Even after all these years, that's a damned hard pill to swallow. I wish to associate myself with these remarks in the
Chicago Sun-Times:

To mark the anniversary, I listened to “Greatest Stories Live ” again. It holds up well. Though I skipped, as I always do, the final song, “The Shortest Story,” an excruciating dirge for a baby starving to death in Africa. The thing about Chapin is, some of his music is indeed hard to take; if you think the hits are downers, you should hear the more obscure stuff, like “Burning Herself.”
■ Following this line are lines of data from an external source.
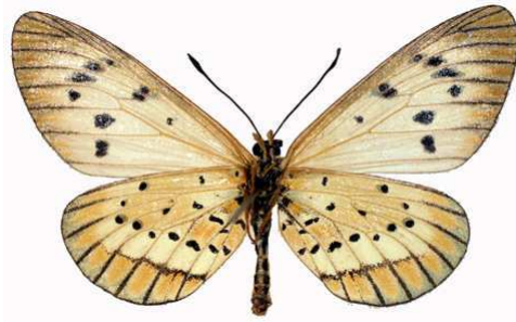
rahira femelle, verso, Luvuyangwa Swamp - Mzuzu (Malawi).jpg mufindi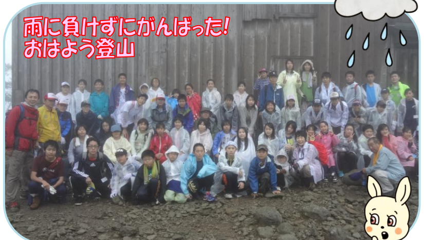
雨に負けずにがんばった！おはよう登山

どの班も道に迷ったり課題に悩んだりしながらゴールを目指しました！ハトハトだったけど楽しかった様子でした。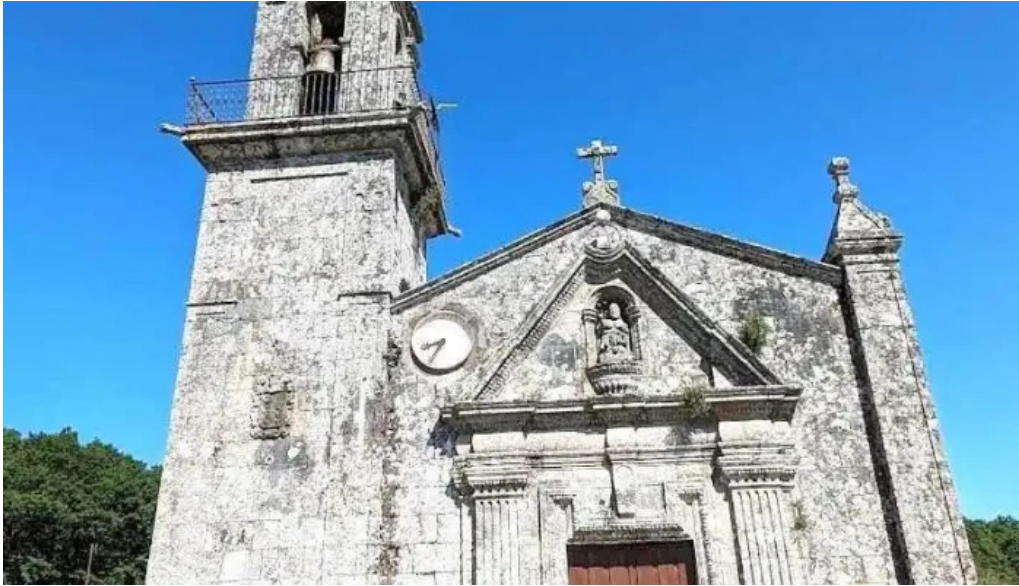
Iglesia de san pedro de poulo gomesende

But that doesn’t make it bad. He was a man who deeply cared about matters most ignore. When he died in his little Volkswagen Rabbit, it could have been an irony lifted from his songs: Chapin was on his way to do another free show — half his concerts were for charity. No wonder hip folk despised him: He lived the life that they only paid lip service to, pinning on a ribbon and calling themselves bighearted while Chapin gave away half his income.

The music stands up. His music is less dated than some of Bruce Springsteen’s, because it was never current to begin with. Anyway, listening to his song “Circle,” watching the morning sun reflect off Metra cars in the train yard heading downtown Friday, I thought Chapin didn’t really die at 38. Harry Chapin lives on, as much as any artist can.